§ Activity:
Print a faithful copy of the data below, word for word, with the pictures left out.
(Supplied data Opens)
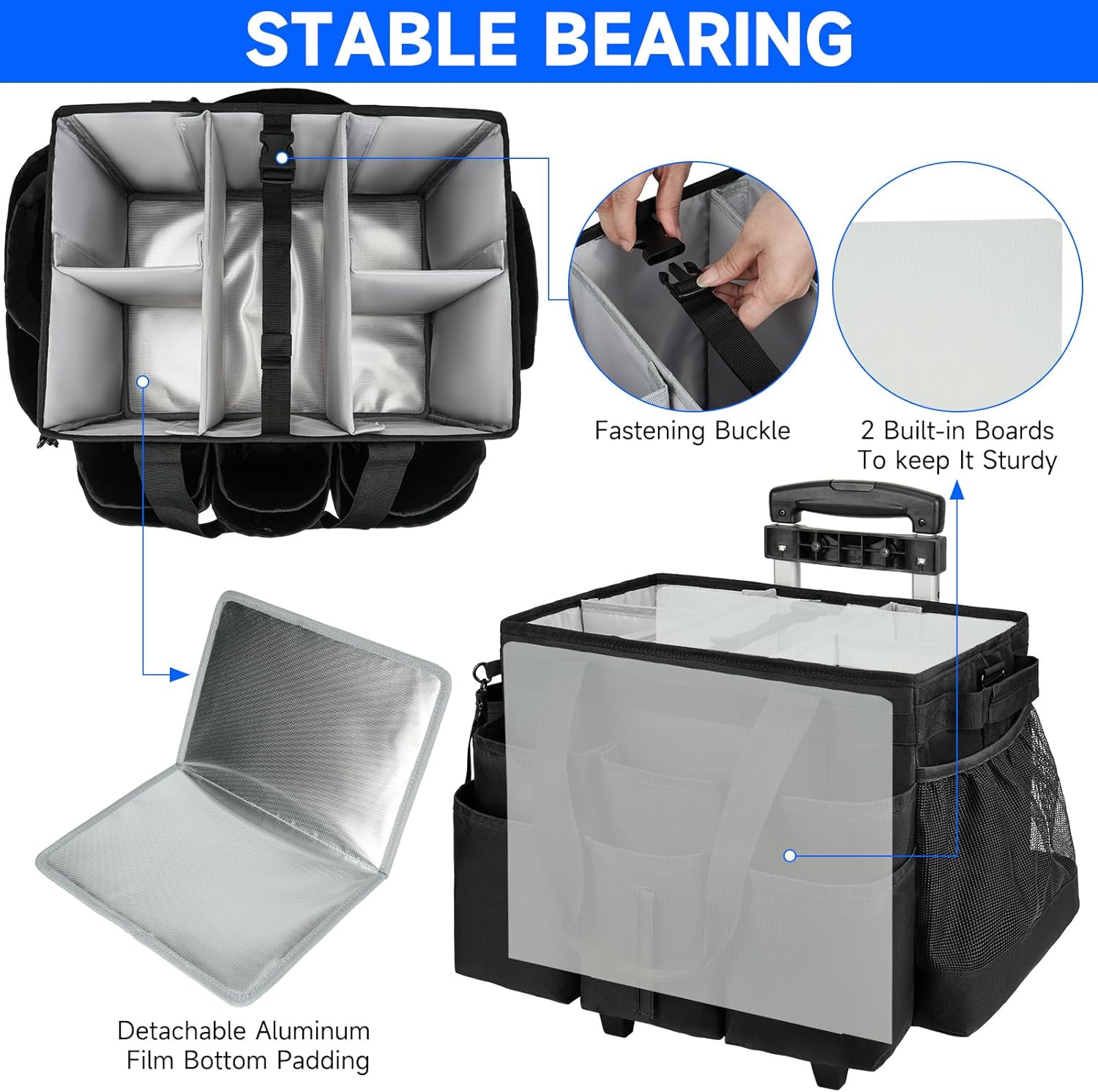Large Rolling Cleaning Caddy Bag with Detachable Trolley,Cleaning Cart on Wheels with Shoulder Strap,Cleaning Supplies Organizer for Housekeepers,Black
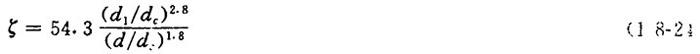 ζ——阻力系数,对圆柱体部分直径为75mm和150mm的锥形除砂器,可由下式求得:
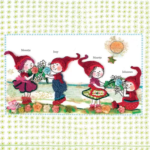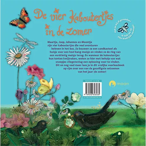 Vier kaboutertjes wonen in het bos. En waar beleef je de seizoenen meer dan daar? Een sfeervol en fijn voorleesboek op rijm vol zandkastelen, kamperen, bijzondere dieren en bloemetjes.
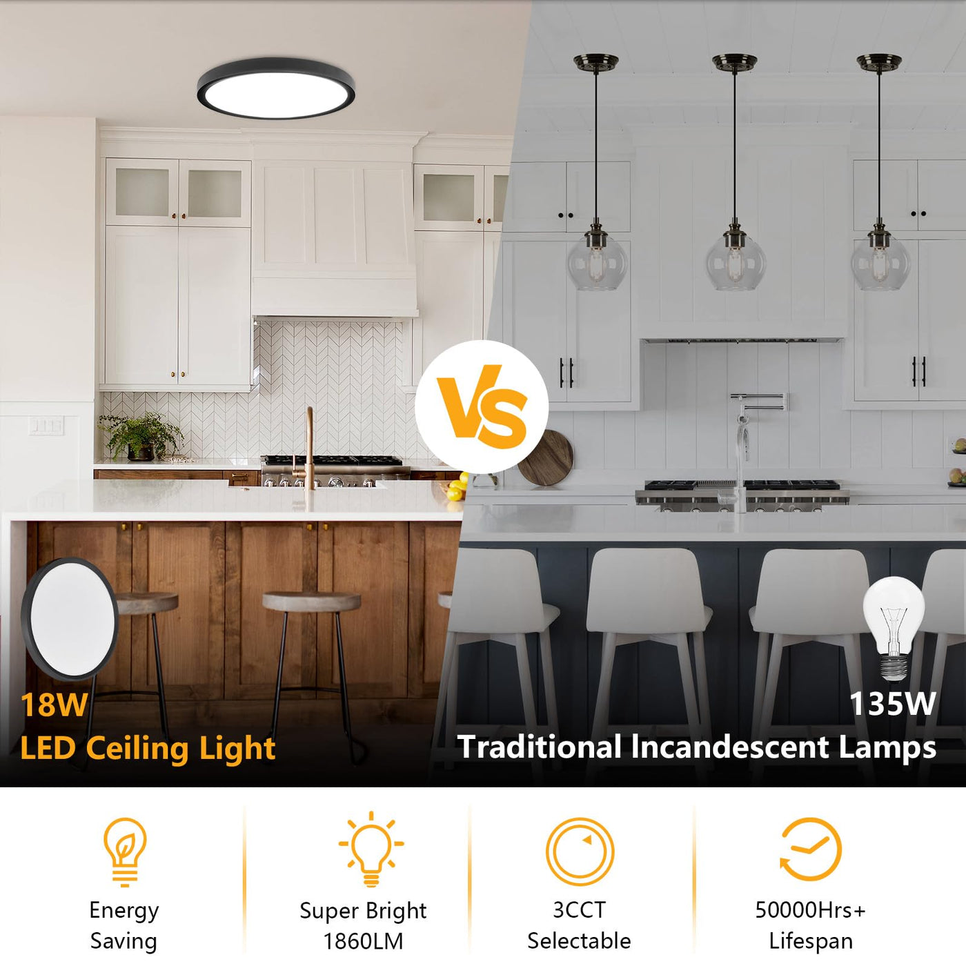 Constructed from well-made plastic, this ceiling light boasts a sleek and modern design that fits seamlessly into any decor. With an impressive output of 1860 lumens at only 18 watts, it delivers bright light while significantly reducing energy consumption. The low-profile design, measuring just 0.9 inches thick, allows it to sit closely to the ceiling, making it ideal for rooms with low ceilings. The fixture is equipped with advanced built-in LEDs that ensure soft, even lighting, minimizing glare and visual fatigue.
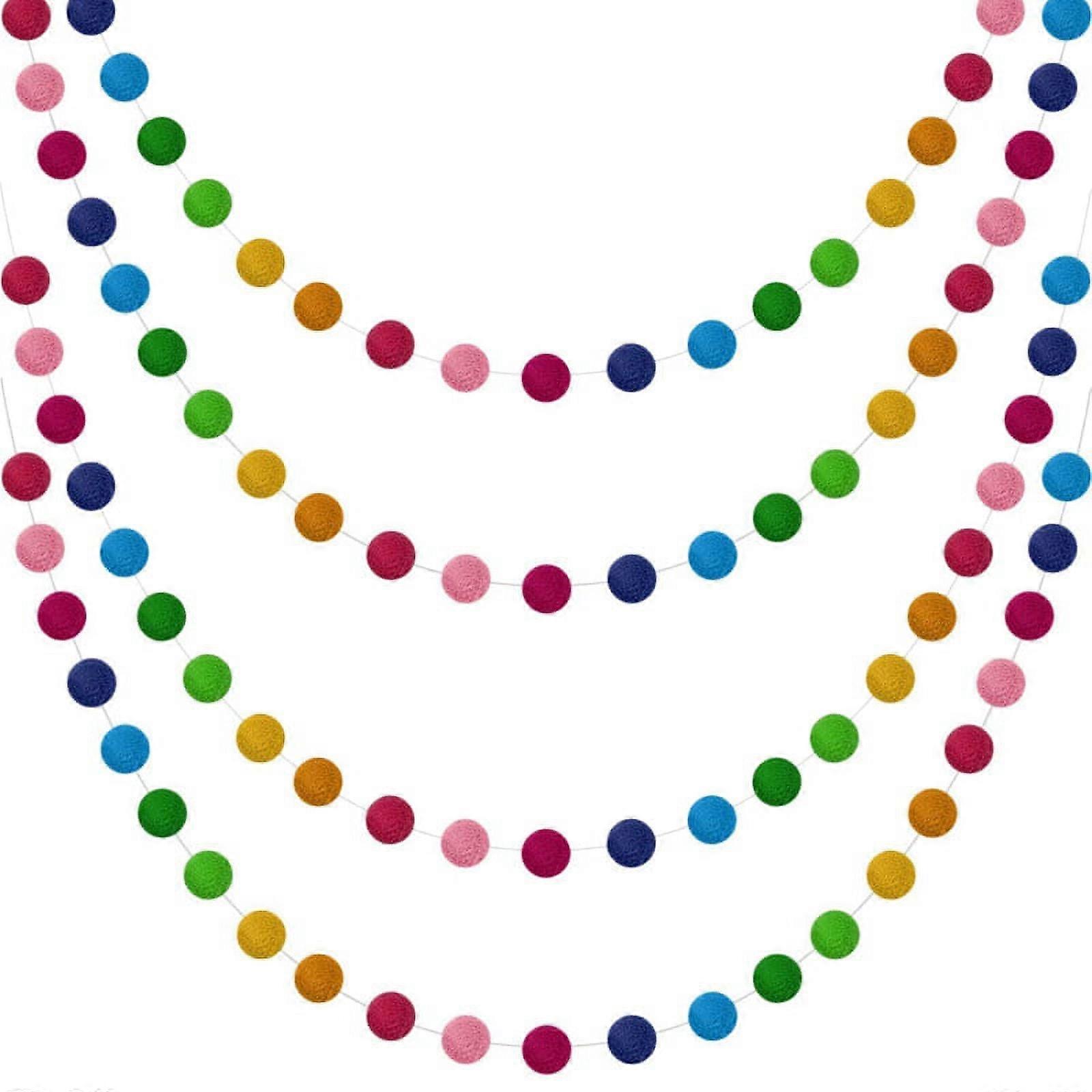 Garland Colorful Pom Pom Garland Handmade 28 Balls Felt Garlands for Wall Christmas Tree Decoration (4 Sets)
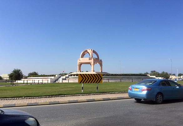 The long straight highway is interrupted at intervals by very large roundabouts with monuments and sculptures.
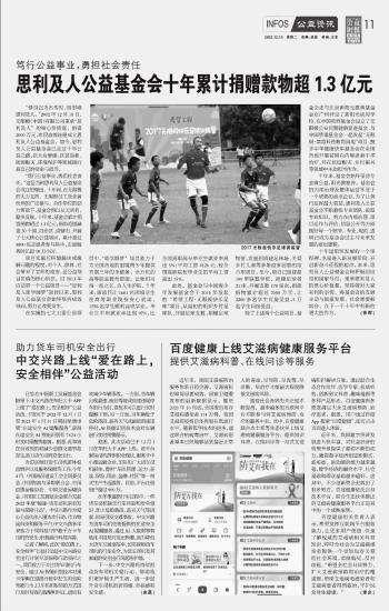 思利及人公益基金會(huì)十年累計(jì)捐贈(zèng)款物超1.3億元
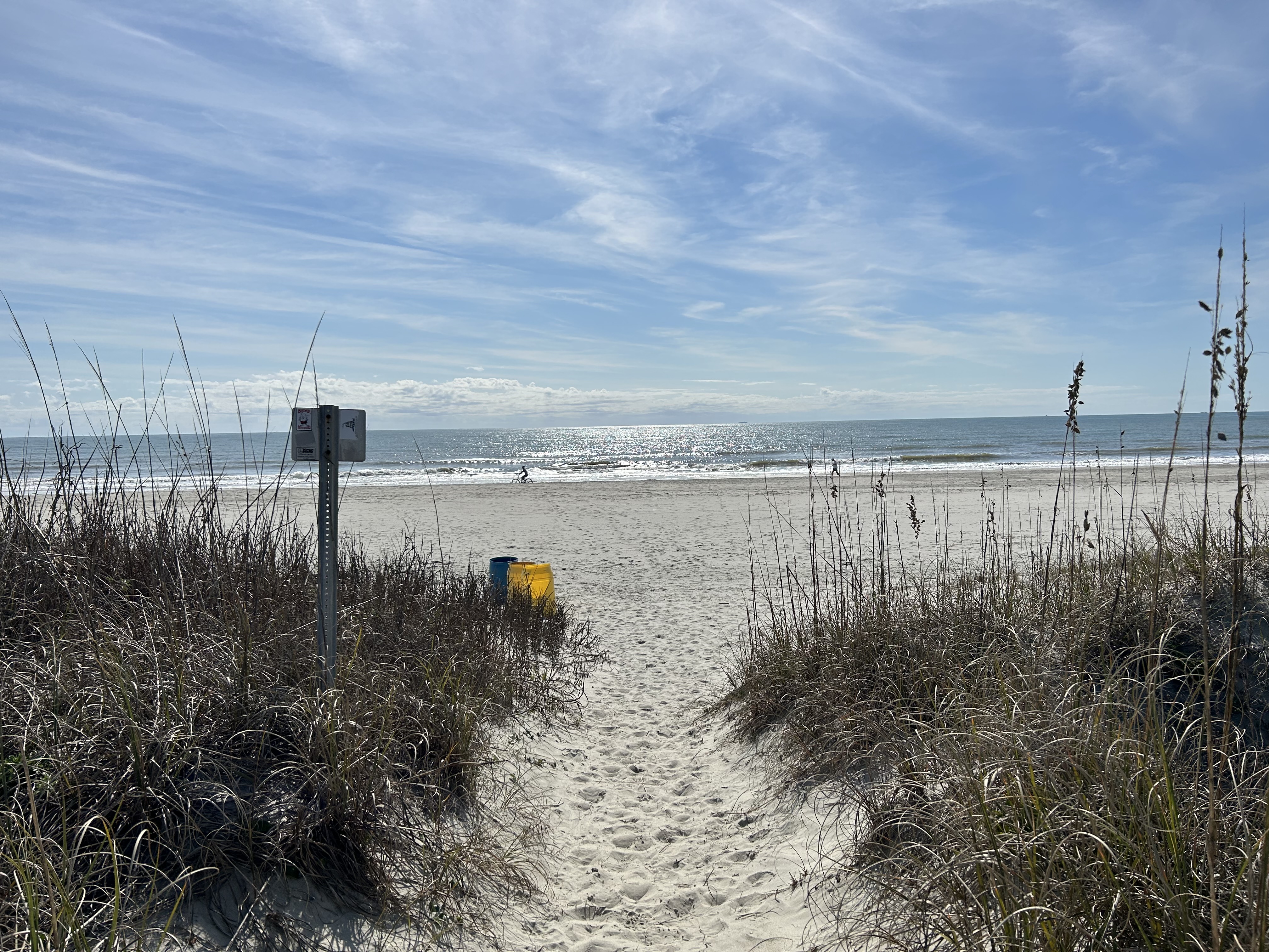 Corinne and I walked to the beach from the house. The Isle of Palms beach has numerous officially sanctioned pathways between houses to get to the beach. Here’s one:
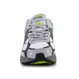 - Svršek obuvi inspirovaný retro stylem je vyroben z vrstvené směsi síťoviny a syntetické kůže, je dokončen v bílé a šedé barvě a zvýrazněn zelenými akcenty.
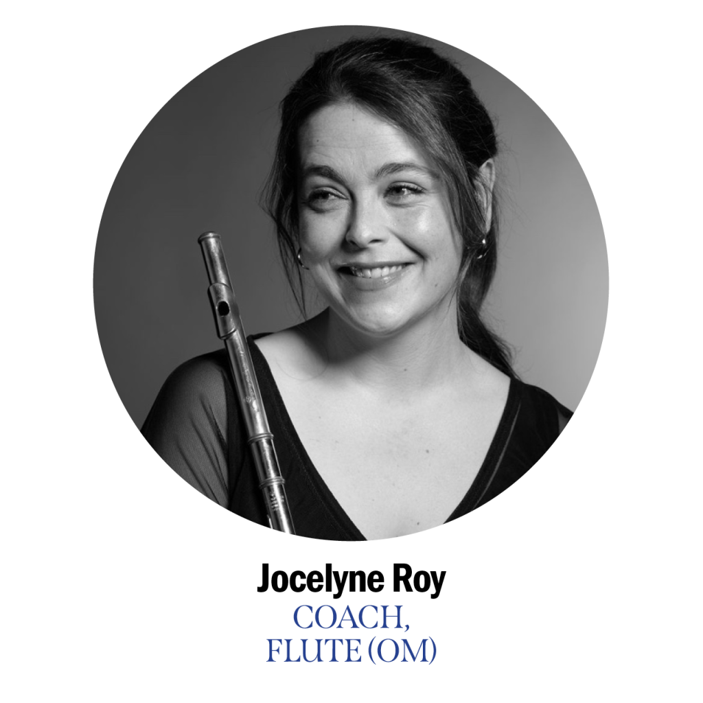 In 2006, Jocelyne Roy served as principal flute during the world tour of the Verbier Orchestra, under the baton of Herbert Blomstedt and Claus Peter Flor. As a soloist, she has performed with ensembles such as Les Violons du Roy, the Orchestre symphonique de Montréal, the Sinfonia Orchestra of the Manhattan School of Music, the Orchestre symphonique du Conservatoire de musique de Montréal, and the Orchestre symphonique des jeunes de Montréal.
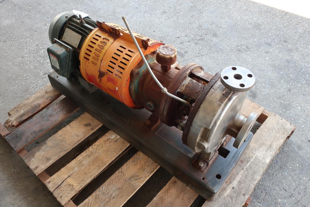 Used Goulds centrifugal stainless steel pump. Pump has a 2" diameter inlet and a 1" outlet. It has an estimated 11" dia impeller. Mount on a basetek non-metallic polymer concrete baseplate. Driven by a 5 hp 1735 rpm motor. Requires 460 Volts electrical supply.GOULDS
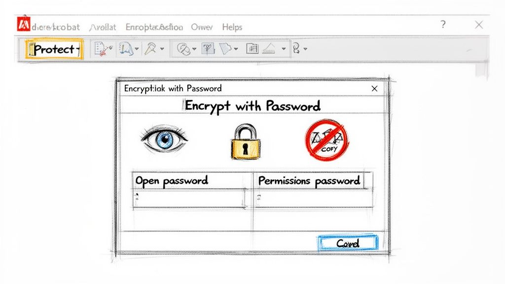 Fire up Adobe Acrobat, open your PDF, and find the Protect tool—it's usually in the right-hand panel. From there, you'll want to select Encrypt with Password. This is your command center for locking down the document.
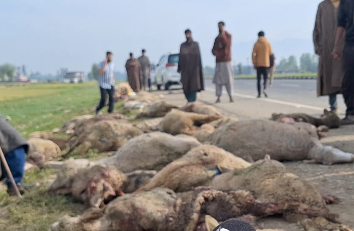 An official told news agency—that a flock of sheep were hit by a speedy tempo near Khudwani on national highway late on Friday night.
(Supplied data Closes)
§ Task output:
Large Rolling Cleaning Caddy Bag with Detachable Trolley,Cleaning Cart on Wheels with Shoulder Strap,Cleaning Supplies Organizer for Housekeepers,Black
 ζ——阻力系数,对圆柱体部分直径为75mm和150mm的锥形除砂器,可由下式求得:
 Vier kaboutertjes wonen in het bos. En waar beleef je de seizoenen meer dan daar? Een sfeervol en fijn voorleesboek op rijm vol zandkastelen, kamperen, bijzondere dieren en bloemetjes.
 Constructed from well-made plastic, this ceiling light boasts a sleek and modern design that fits seamlessly into any decor. With an impressive output of 1860 lumens at only 18 watts, it delivers bright light while significantly reducing energy consumption. The low-profile design, measuring just 0.9 inches thick, allows it to sit closely to the ceiling, making it ideal for rooms with low ceilings. The fixture is equipped with advanced built-in LEDs that ensure soft, even lighting, minimizing glare and visual fatigue.
 Garland Colorful Pom Pom Garland Handmade 28 Balls Felt Garlands for Wall Christmas Tree Decoration (4 Sets)
 The long straight highway is interrupted at intervals by very large roundabouts with monuments and sculptures.
 思利及人公益基金會(huì)十年累計(jì)捐贈(zèng)款物超1.3億元
 Corinne and I walked to the beach from the house. The Isle of Palms beach has numerous officially sanctioned pathways between houses to get to the beach. Here’s one:
 - Svršek obuvi inspirovaný retro stylem je vyroben z vrstvené směsi síťoviny a syntetické kůže, je dokončen v bílé a šedé barvě a zvýrazněn zelenými akcenty.
 In 2006, Jocelyne Roy served as principal flute during the world tour of the Verbier Orchestra, under the baton of Herbert Blomstedt and Claus Peter Flor. As a soloist, she has performed with ensembles such as Les Violons du Roy, the Orchestre symphonique de Montréal, the Sinfonia Orchestra of the Manhattan School of Music, the Orchestre symphonique du Conservatoire de musique de Montréal, and the Orchestre symphonique des jeunes de Montréal.
 Used Goulds centrifugal stainless steel pump. Pump has a 2" diameter inlet and a 1" outlet. It has an estimated 11" dia impeller. Mount on a basetek non-metallic polymer concrete baseplate. Driven by a 5 hp 1735 rpm motor. Requires 460 Volts electrical supply.GOULDS
 Fire up Adobe Acrobat, open your PDF, and find the Protect tool—it's usually in the right-hand panel. From there, you'll want to select Encrypt with Password. This is your command center for locking down the document.
 An official told news agency—that a flock of sheep were hit by a speedy tempo near Khudwani on national highway late on Friday night.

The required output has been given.